I have written at length elsewhere about dealing with these two questions (and will certainly write lots about it here) but right now the owners of Facebook must decide whether they will be the arbiters of this debate or leave it to the rabble. Will Facebook say, "These are photographs of people engaged in conduct that would be legal if done in public and therefore the photos will stay" or will Facebook continue to follow some other motivation. Facebook may be running the numbers and deciding that not enough people will boycott Facebook over the removal of breastfeeding photos to make this worth corporate attention. Maybe some Facebook vice president truly is offended by nursing children. Or maybe no one at Facebook cares less.
I do wonder why Facebook is not jumping at the chance to get some positive publicity by responding to subscriber hue and cry – while 11,000 is a relatively small fraction of the total number of Facebook subscribers, it is still a lot of people. Whoever is complaining about the presence of the photographs is not doing so in the press or on blogs or in any way that stands to hurt Facebook. So why not side with the breastfeeding supporters?
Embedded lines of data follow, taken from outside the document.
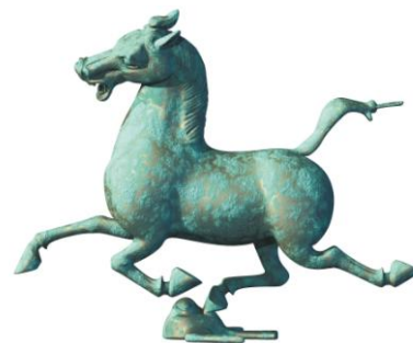
答案：“马踏飞燕”（或“马超龙雀”）

55. 1969 年出土于中国甘肃省武威县的青铜器_____，是中国青铜艺术的奇葩，现在已成为中国旅游的标志。
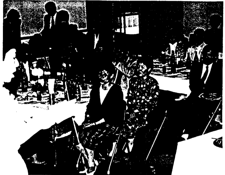
歌声もあり盛りあがった祝賀会
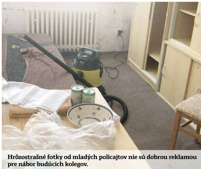
Hrôzostrašné fotky od mladých policajtov nie sú dobrou reklamou pre nábor budúcich kolegov.

demizované, je potrebné nielen technické riešenie, ale aj lepšie plánovanie. Bez tohto komplexného prístupu bude náročné zabezpečiť dôstojné podmienky pre mladých policajtov, ktorých motivácia je už dnes značne oslabená.
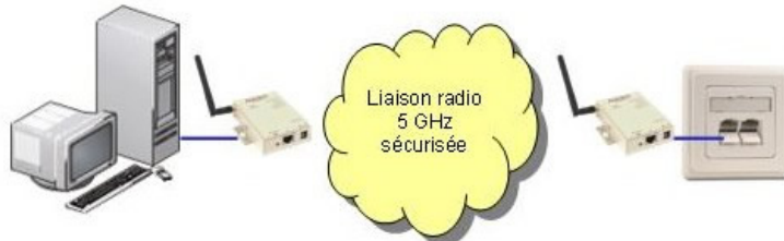
INTERCONNEXION DE DEUX RESEAUX ETHERNET
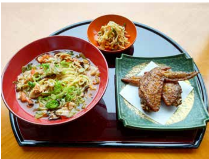
酸辣湯麺セット Hot and Sour Noodles Set (Includes Appetizer and Deep Fried Chicken Wings) 2,000
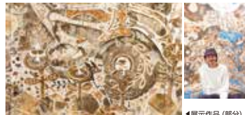
浅井裕介「豊かさ」／「土の星の人」 椿の湯1階ロビーにて
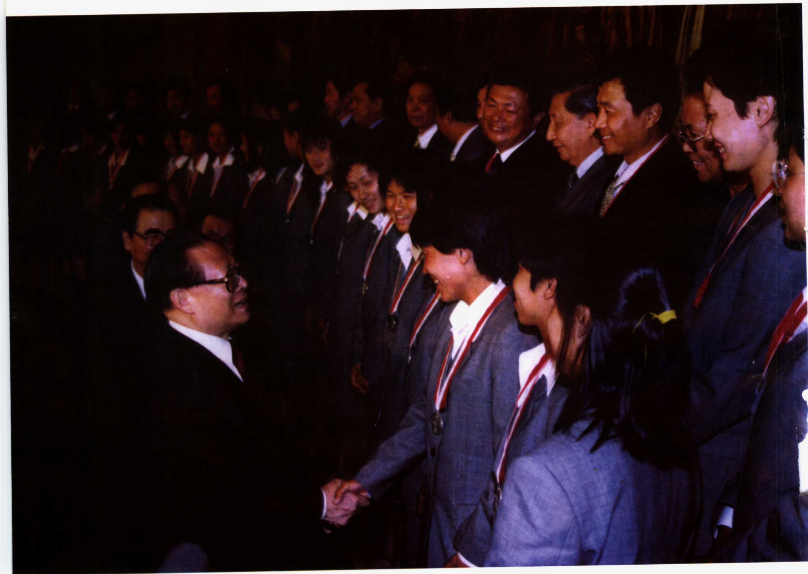
江泽民主席等党和国家领导人亲切接见获得第三届世界女子足球锦标赛亚军的中国女子足球队全体成员。

What about breastfeeding activists? For mothering to be sustainable, mothers must be free to perform the acts of mothering everywhere life requires they go. While Facebook membership is by no means a necessity, as activists we need to boycott places where mothering is not welcome. Breastfeeding is one of many acts of mothering (and by this I do not exclude or criticize mothers who do not breastfeed). Does that mean that the next step for mothering activists on Facebook is to leave? I don't know. But it is something we need to be talking about. If Facebook continues to remove breastfeeding images, what is the next step for supporters of mothering?
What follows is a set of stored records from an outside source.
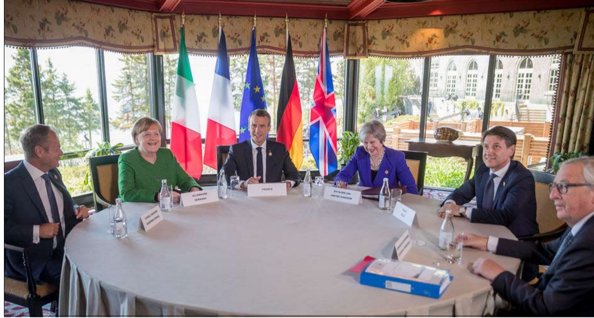
بناء أوروبا قادرة على مواجهة مستجدات العالم
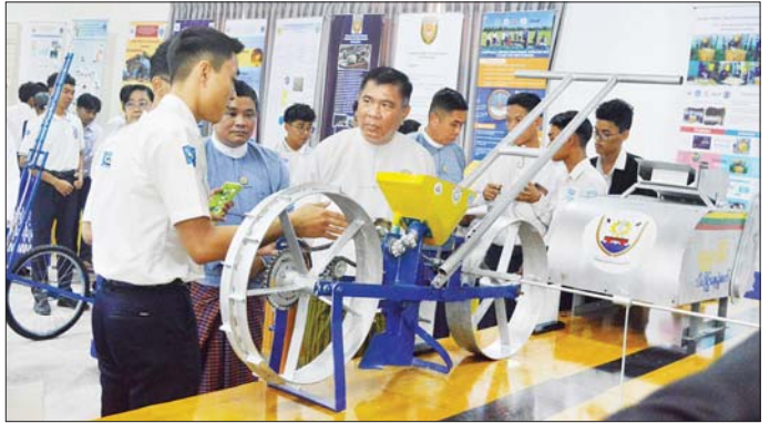
ဖိုရစ်တွင် မြန်မာနိုင်ငံကိုယ်စားပြု ဝင်ရောက်ယှဉ်ပြိုင် ဦးစီးဌာန ညွှန်ကြားရေးမှူးချုပ်က နိဂုံးချုပ်အမှာရန် အဖွဲ့ငါးဖွဲ့ကို ယနေ့ ရွေးချယ်ဆုချီးမြှင့်ကြပြီး နည်းပညာ၊ သက်မွေးပညာနှင့် လေ့ကျင့်ရေး

အဆိုပါပရောဂျက် ၂၁ ခုမှ ပဉ္စမအကြိမ်မြောက် အာဆီယံ-အိန္ဒိယ အခြေခံဆန်းသစ်တီထွင်မှုဆိုင်ရာ
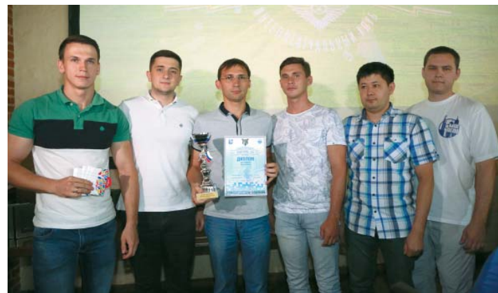
Производство № 5 – победители турнира «Гран-при Лета» серии интеллектуально-познавательных игр «Эрудит-2018» на Кубок АГПЗ
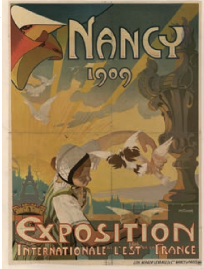
Nancy 1909 : Exposition Internationale de l'Est de la France.

DIMENSION POLITIQUE «Nous voulions proposer un regard actuel sur ce moment d'histoire partagé entre Strasbourg et Nancy, à travers des documents d'époque, des cartes postales, des tableaux, mais aussi une reconstitution dans la cour du musée de ce village alsacien factice, détaille Marie Pottecher. Ce sera aussi l'occasion de

Sustainable Mothering is a blog, an idea, a goal, a journey. We will discuss and examine how the many acts of mothering must be supported and embraced by culture and society. It is not about mothers condemning each other. It is about freedom and educated choice – true choice which only exists in an environment with options.
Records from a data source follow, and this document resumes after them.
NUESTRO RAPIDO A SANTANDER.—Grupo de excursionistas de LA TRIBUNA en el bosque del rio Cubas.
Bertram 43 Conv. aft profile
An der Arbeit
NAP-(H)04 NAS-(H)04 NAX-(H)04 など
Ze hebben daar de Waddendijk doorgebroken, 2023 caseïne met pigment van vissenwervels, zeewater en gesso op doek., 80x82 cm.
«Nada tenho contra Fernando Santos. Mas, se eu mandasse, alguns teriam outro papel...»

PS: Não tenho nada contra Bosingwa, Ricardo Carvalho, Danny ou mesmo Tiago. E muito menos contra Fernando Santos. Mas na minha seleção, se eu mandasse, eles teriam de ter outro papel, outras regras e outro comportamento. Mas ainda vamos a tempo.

When I became a mother nearly fifteen years ago, I knew nothing about mothering. I knew stereotypes about motherhood. Some women stayed home with their children. They were women without imagination, without goals for themselves, without income or independence. Other women had children and returned to their productive lives in the real world. I didn't actually know mothers of either variety. I didn't know mothers at all really. None of my friends had children. Most of my clients had children – people in crisis whose lives I did not want. I didn't even particularly like children. At the age of 31, I suddenly had an overwhelming desire to have a child after a lifetime of certainty that I didn't want any.
In this blog I will write about my exploration of the difference between motherhood and mothering, what I left behind when I made the mommy morph, the bigotry and ignorance I encountered when I attempted to enter the world as a woman with a child, and I want to hear the thoughts of others on all of this and more. So far the mommy wars has led to more war – it sets women against each other who might be working together to fight the sexism underlying any statement that a decision about my mothering should be made by anyone other than me. Mothers must live in the public world so the acts of mothering must be done in full view of the world when the mother chooses and needs. Forcing women to be isolated in their homes, to give up the work they love, to leave their children behind, to live in fear, to starve, to be dependent on the whims of the more powerful – none of these allow mothers to be healthy or participate in society or raise daughters who want to be mothers or raise sons able to shape fathering. So – onward to blogging.